Abstract

Although the strength of total cholesterol levels as a relative risk factor for coronary heart disease (CHD) declines with age, the prevalence of CHD increases dramatically with age. Data from cholesterol treatment trials, although sparse in older adults, suggest that dyslipidaemia treatment has the potential to prevent CHD. In particular, dyslipidaemia treatment appears to be most beneficial in older adults with a history of CHD or who have several other CHD risk factors. Dyslipidaemia screening should be selective in the elderly, reserved for those whose health status would be amenable to nutritional or pharmacological therapy, and in whom several CHD risk factors or a history of CHD are present. Since high density lipoprotein cholesterol (HDL) levels retain their inverse association CHD in old age, cholesterol subfractions should be measured in persons being screened in order to adequately assess the severity of dyslipidaemia. Treatment decisions should be guided by the patient's dyslipidaemic class, which is determined by the cholesterol subfractions and serum triglycerides (TG).

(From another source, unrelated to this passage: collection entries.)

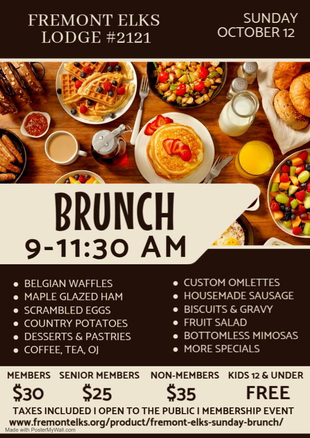 We are excited to invite you to our brunch on Sunday October 12th, from 9 AM to noon. This is a perfect opportunity to enjoy great food and learn about the Elks!
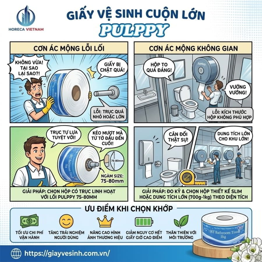 Đây chính là “điểm mù” mà 90% người đi mua hộp đựng giấy vệ sinh thường mắc phải. Mỗi thương hiệu giấy vệ sinh công nghiệp đều có một quy chuẩn riêng về đường kính lõi (phần ống carton ở giữa cuộn giấy), thường dao động từ 6cm đến 8cm. Đối với các dòng giấy cuộn lớn Pulppy, việc chọn hộp đựng có trục quay (spindle) không khớp với lõi giấy sẽ dẫn đến hai kịch bản tồi tệ: hoặc cuộn giấy không thể nhét vừa vào trục, hoặc trục quá nhỏ khiến cuộn giấy bị lỏng lẻo, xộc xệch và kẹt giấy khi kéo.
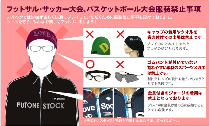スポーツワンフットサル大会では、サッカースパイクの使用は全面的に禁止させていただいております、ご遠慮ください。
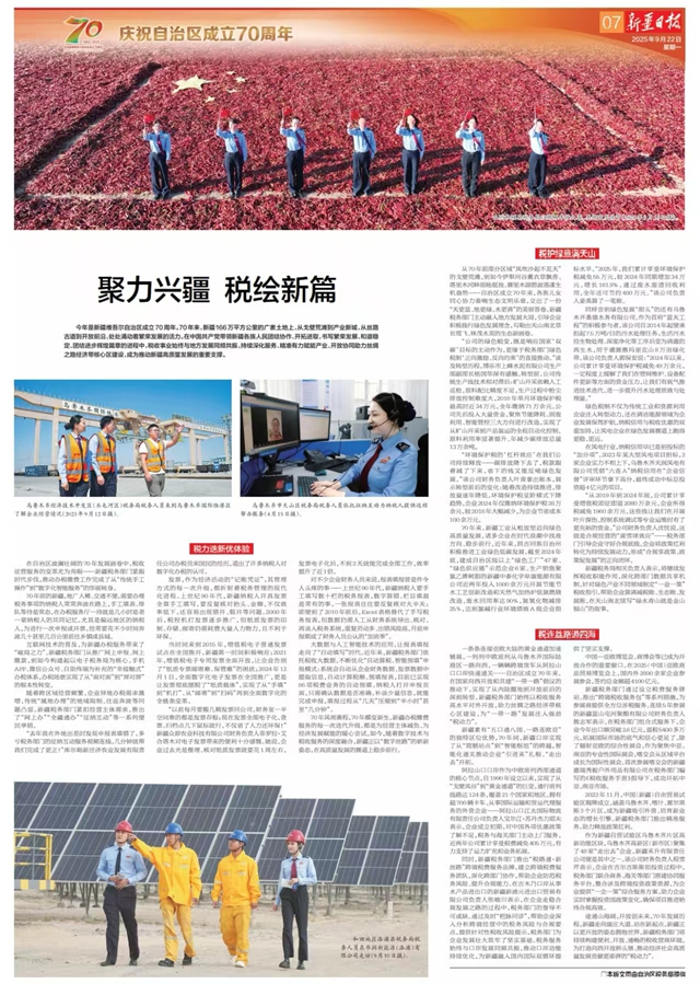 今年是新疆维吾尔自治区成立70周年。70年来,新疆166万平方公里的广袤土地上,从戈壁荒滩到产业新城,从丝路古道到开放前沿,处处涌动着繁荣发展的活力。在中国共产党带领新疆各族人民团结协作、开拓进取,书写繁荣发展、和谐稳定、团结进步辉煌篇章的进程中,税收事业始终与地方发展同频共振,持续深化服务、精准有力赋能产业、开放协同助力丝绸之路经济带核心区建设,成为推动新疆高质量发展的重要支撑。
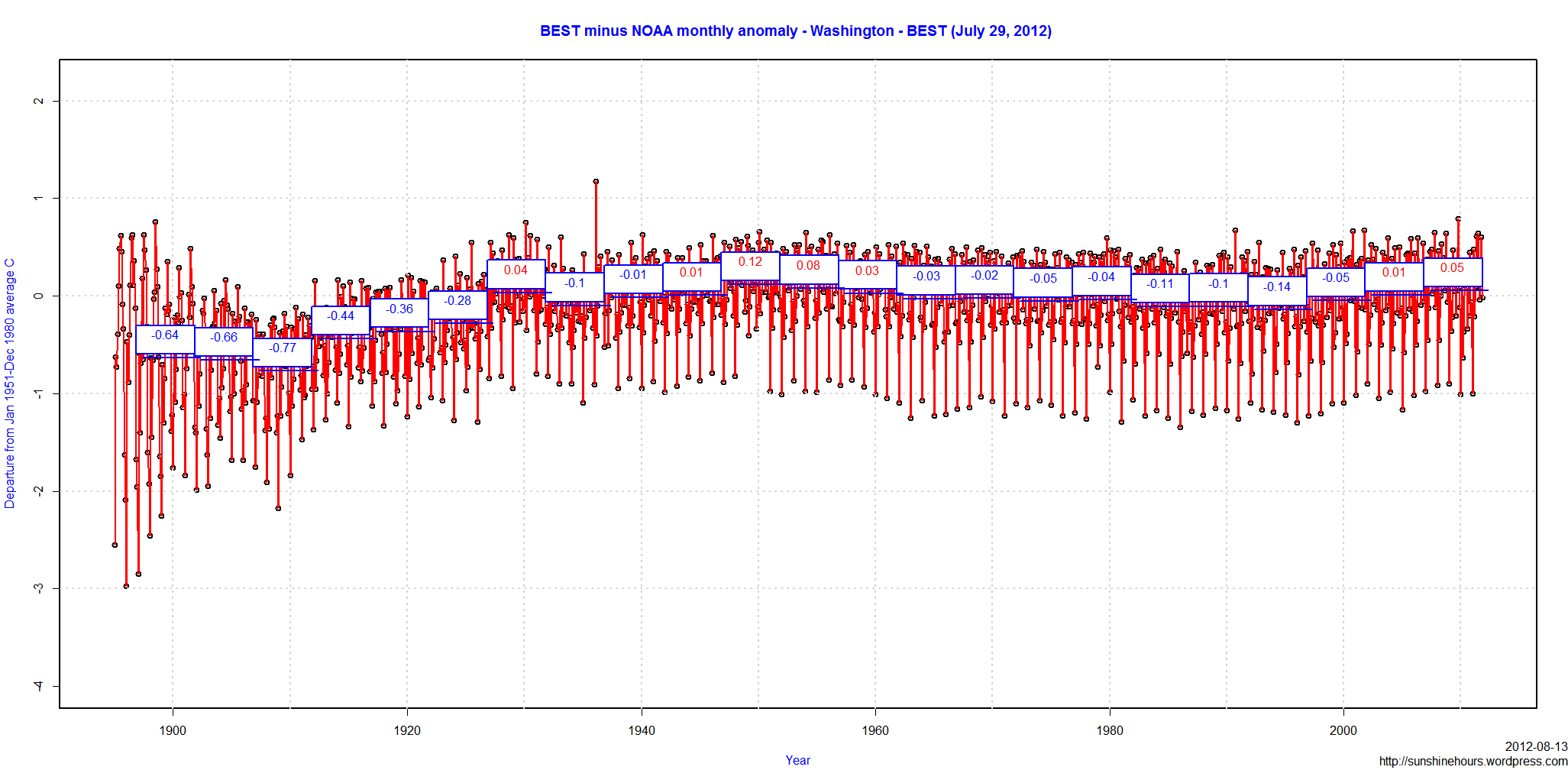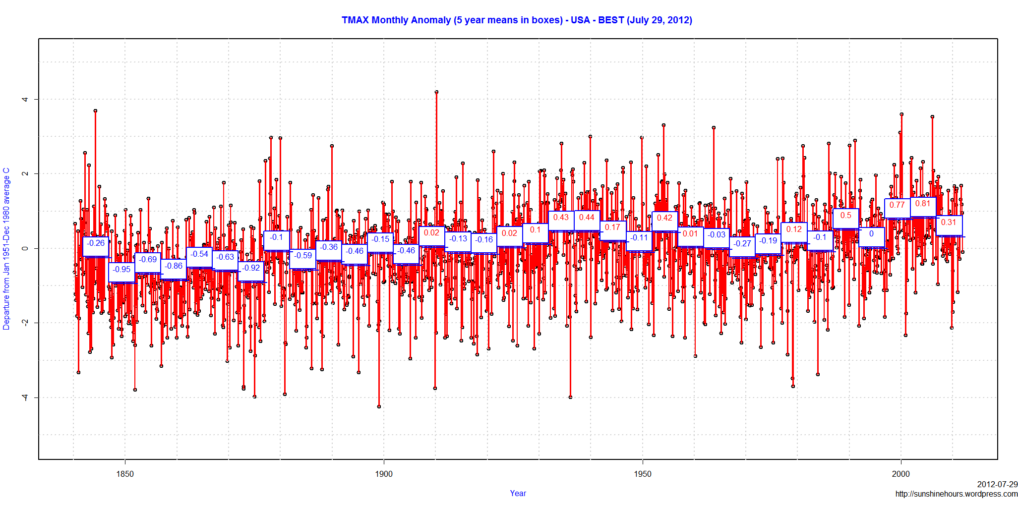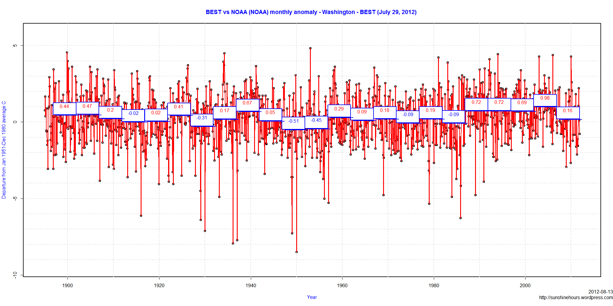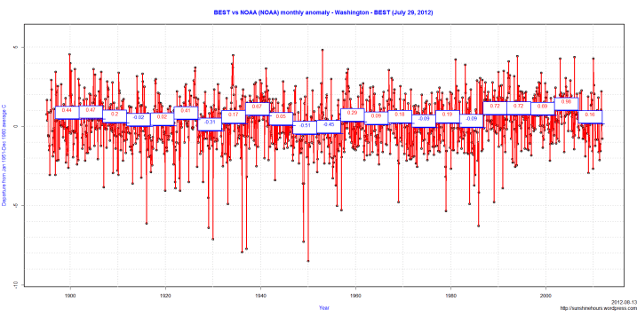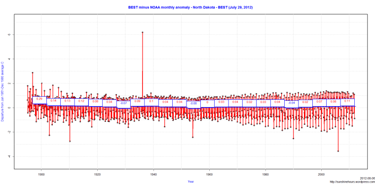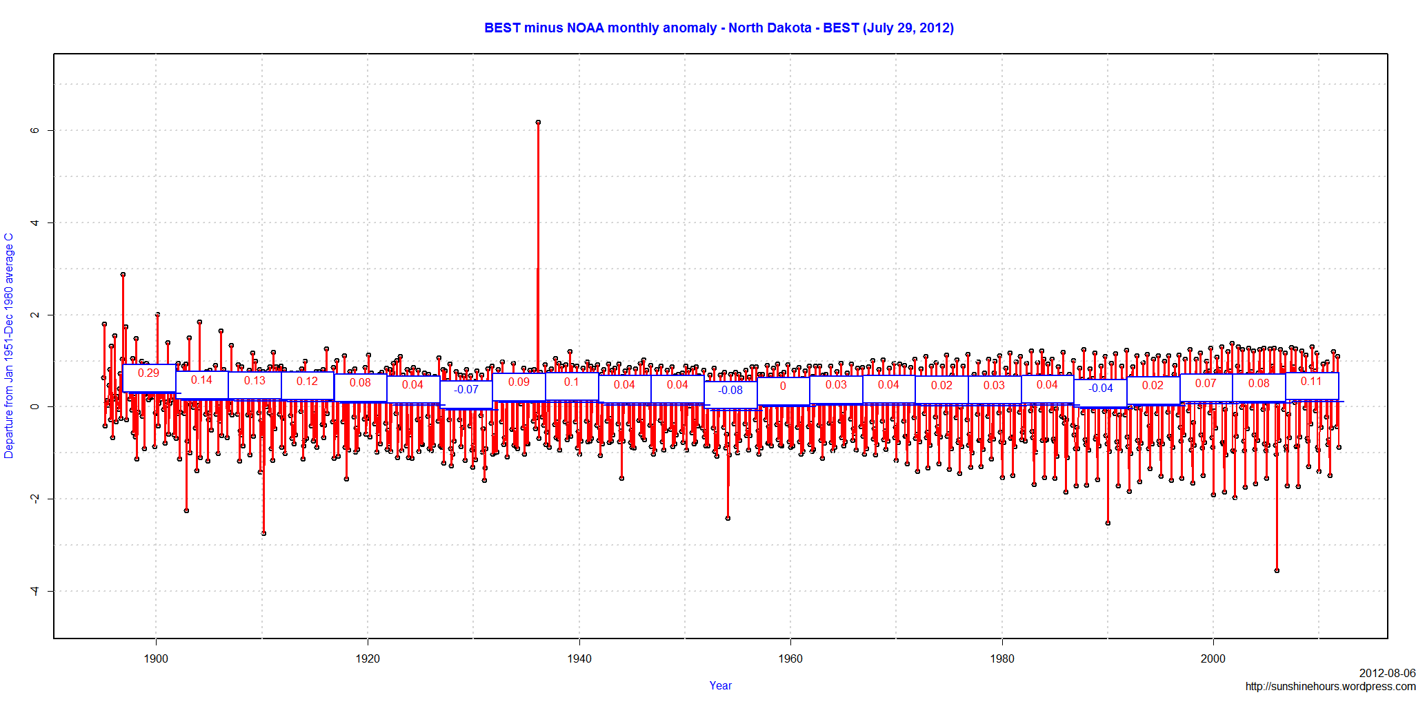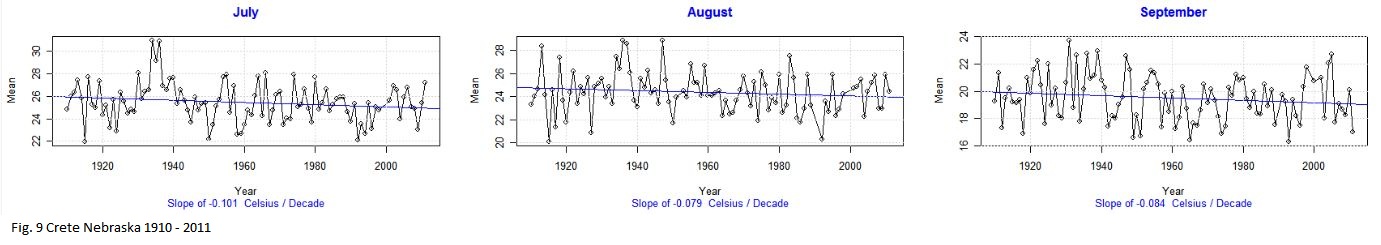 After running my script for a few regions I am just amazed at the difference between stations. Fig. 9 is Crete Nebraska, warming at a miniscule .031C/Decade since 1910! And yet July, August, September and October (not shown) are cooling and have never been as warm as the 1930s:
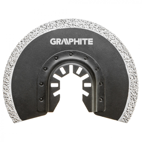 Fűrésztárcsa többfunkciós géphez, HM félkör - wolfram-karbid szemcsebevonat, kerámiák vágásához, átmérő 85 mm A GRAPHITE szegmens fűrészlap (cikkszám: 56H004) átmérővel 85 mm kerámiákhoz volfrám-karbid szemcsékkel szórt élű. Lehetővé teszi a csempék precí
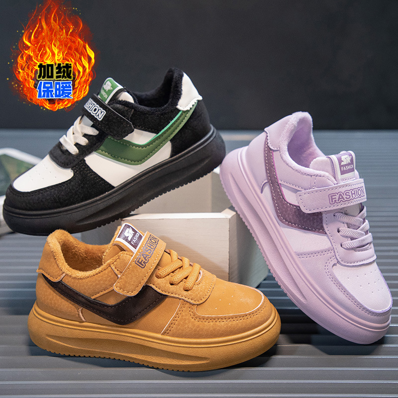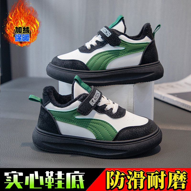 Детские кроссовки для мальчиков Спортивная обувь 2024 осень и зима с флисом из хлопка повседневная обувь утолщение теплые кроссовки для мальчиков
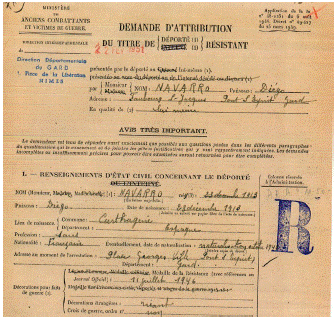 En la referencia de Alsacia se debe referir al campo de Struthof-Natzweiler. En la ficha de deportado político se añaden las circunstancias de su participación en actividades de resistencia del grupo de maquis de Bir Hakeim. Incluye, además, las huellas de los dedos de Diego Navarro. El dossier de Caen cuenta con un certificado de la obtención de nacionalidad francesa con fecha el 17 de septiembre de 1948.
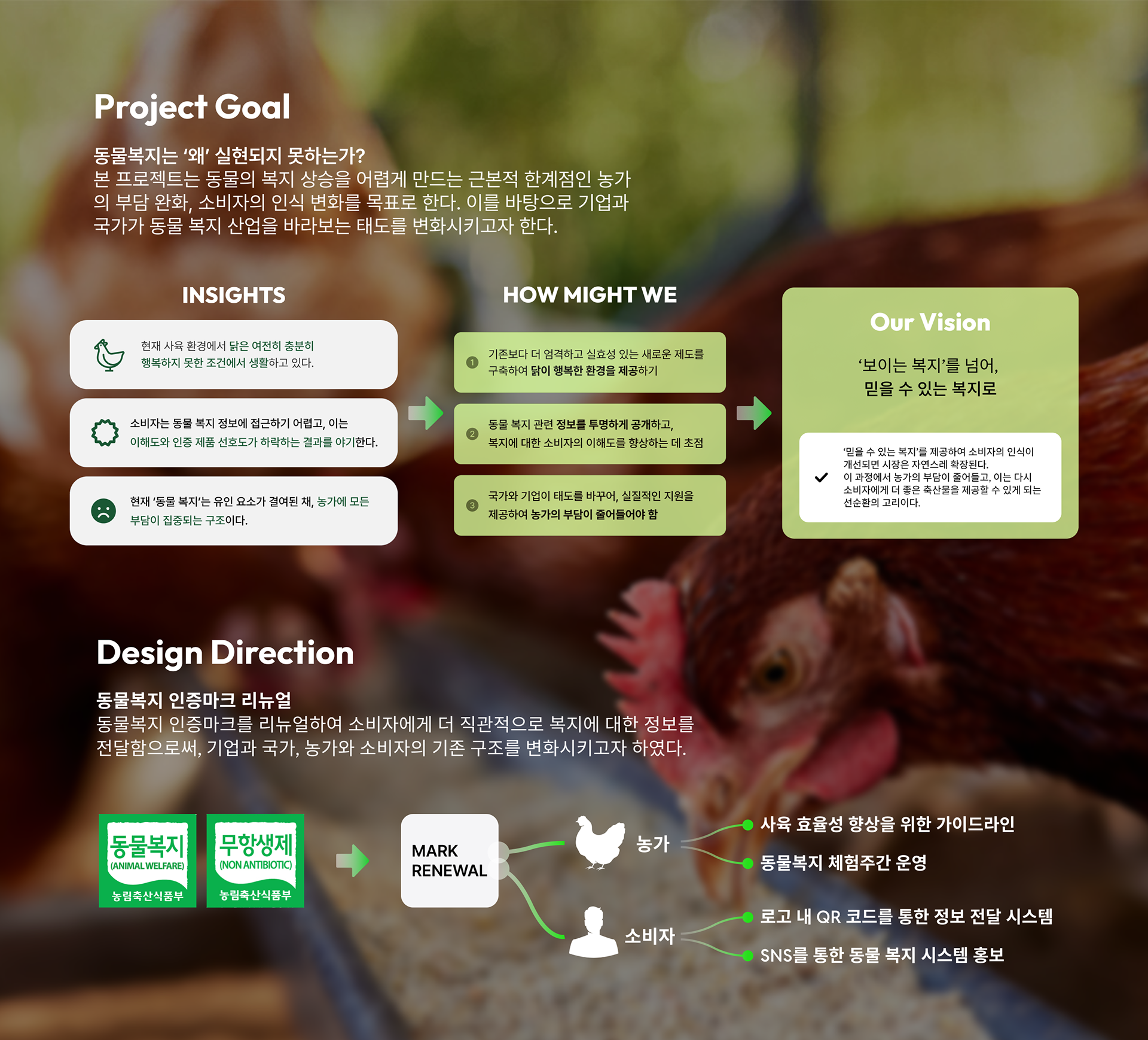 일으켜 농장에서 살아가는 닭의 행복에 기여하고자 합니다.
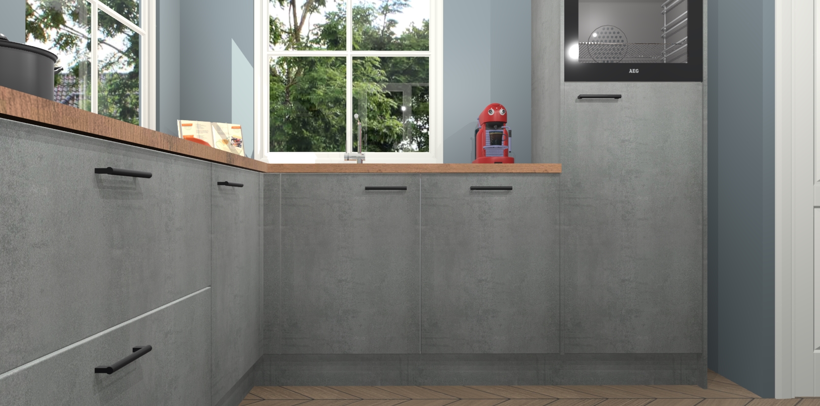 De Beton Parelgrijs keuken Pai bevat vijf essentiële inbouwapparaten - een oven, inductiekookplaat, afzuigkap, vaatwasser en koelkast - zodat u er na levering meteen in kunt. Voor de slimme kopers die weten dat apparaten vaak het verschil kunnen maken tussen functioneel en luxueus, bieden we eenvoudige upgradeopties naar AEG, van oven naar combimagnetron na bestelling of naar een kookplaat met geïntrigeerde afzuiging. En met onze vaste lage prijs en snelle levering binnen zeven weken vanaf de orderbevestiging hoeft u zich geen zorgen te maken over verborgen kosten of lange levertijden die uw droomkeuken kunnen vertragen.
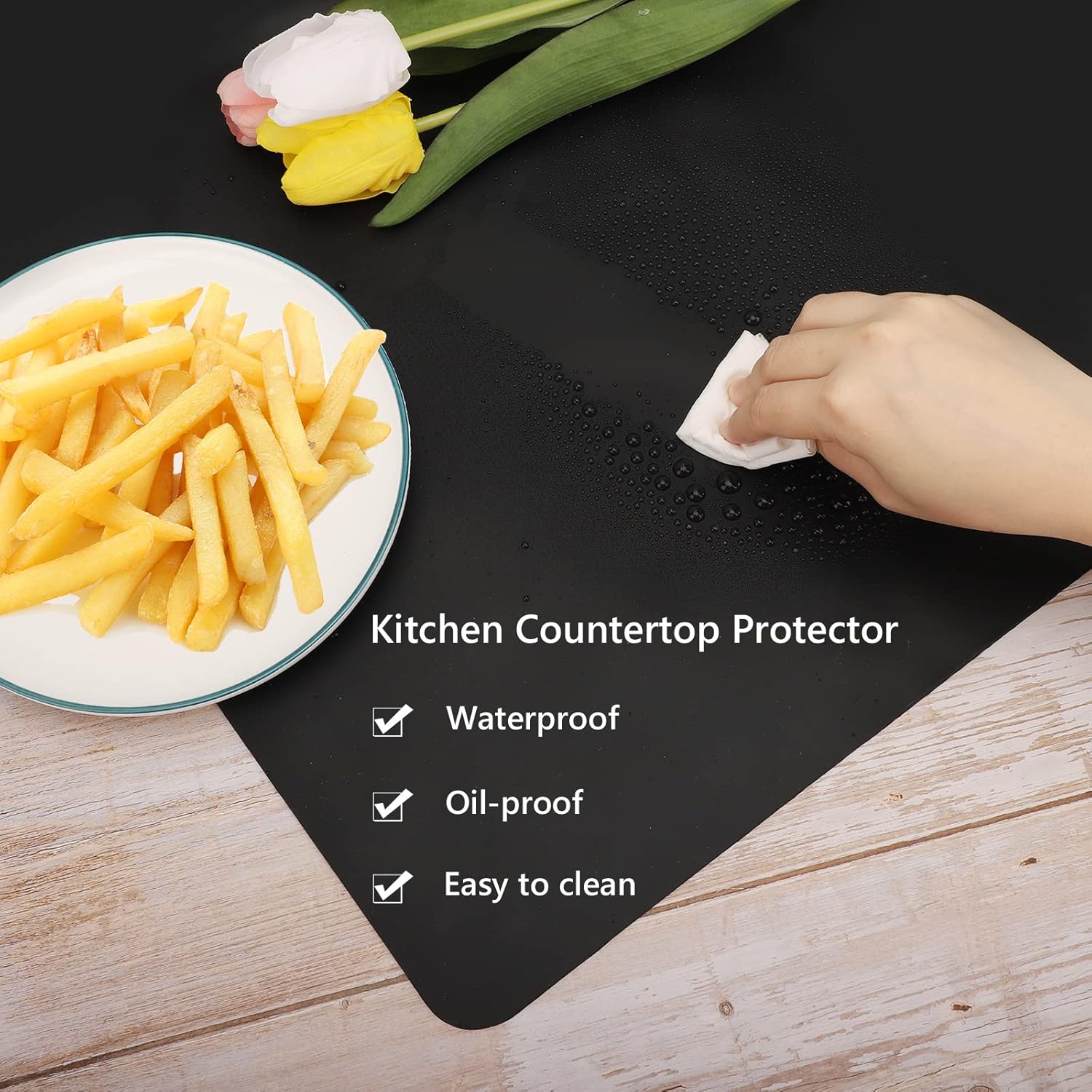 - Oversize : Sized at 32 x 24 x 0.05 inches (L x W x T), larger and thicker than regular size, provides a larger area to protect your counter top. It can be placed under the microwave, pot, air fryer, induction stove, toaster oven, coffee maker, cutting board, etc.

As in younger persons, nutritional therapy remains the first step in dyslipidaemia management in high risk, nondebilitated older adults. An array of cholesterol modifying medications are available which vary widely in treatment effects, adverse effects and cost. Extra care needs to be taken in prescribing these agents in older adults because of greater potential for adverse effects and interactions with other medications. The cost-effectiveness of pharmacological treatment decreases with age and increases with the severity of dyslipidaemia, a history of CHD, or the presence of multiple CHD risk factors. When comparing elderly to middle-aged adults, the relative cost-effectiveness of different cholesterol-lowering medications may be altered due to age-related changes in therapeutic efficacy and adverse effects.